YOUR ASSIGNMENT — Copy out the entire listing below exactly, but without its pictures.

DATA SHOWN —
======
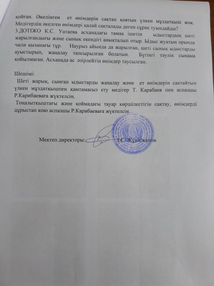 Тамақтану сапасына мониторинг жүргізу » СШ№4 Тлемис батыра
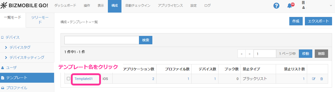 1. 【構成】→【テンプレート】からコピーしたいテンプレートの名前をクリックします。
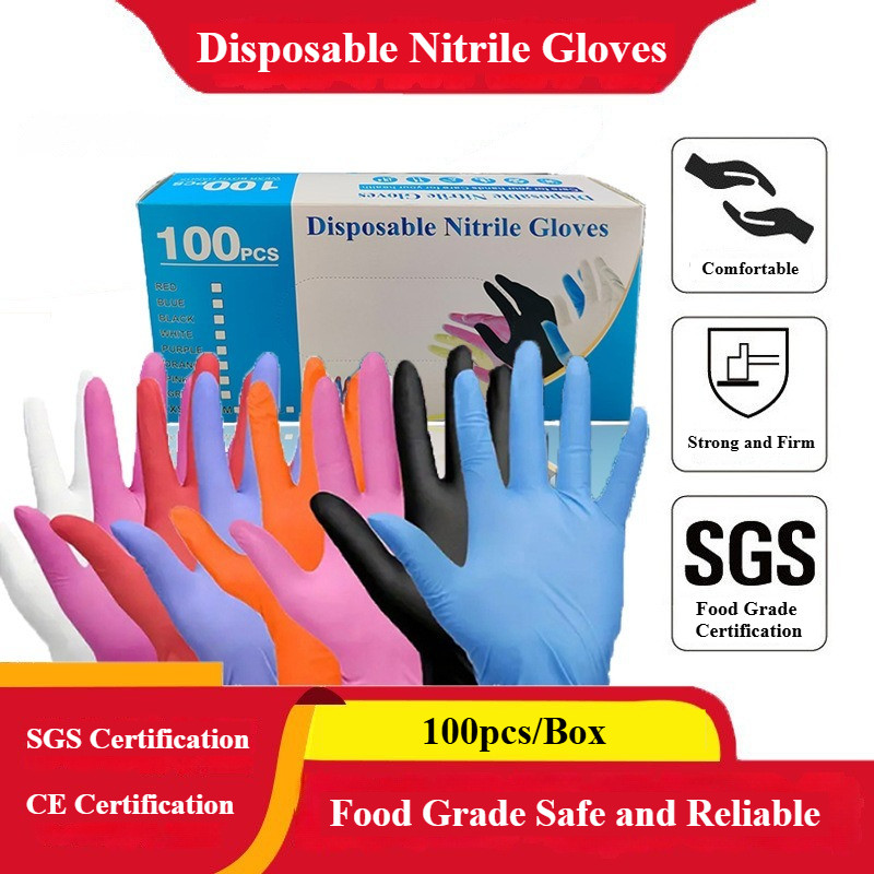 【SG Ready Stock】100pcs/box Disposable Nitrile Gloves - Food Grade Thick Powder-Free for Kitchen/Cleaning
======
TASK RESPONSE —
 Тамақтану сапасына мониторинг жүргізу » СШ№4 Тлемис батыра
 1. 【構成】→【テンプレート】からコピーしたいテンプレートの名前をクリックします。
 【SG Ready Stock】100pcs/box Disposable Nitrile Gloves - Food Grade Thick Powder-Free for Kitchen/Cleaning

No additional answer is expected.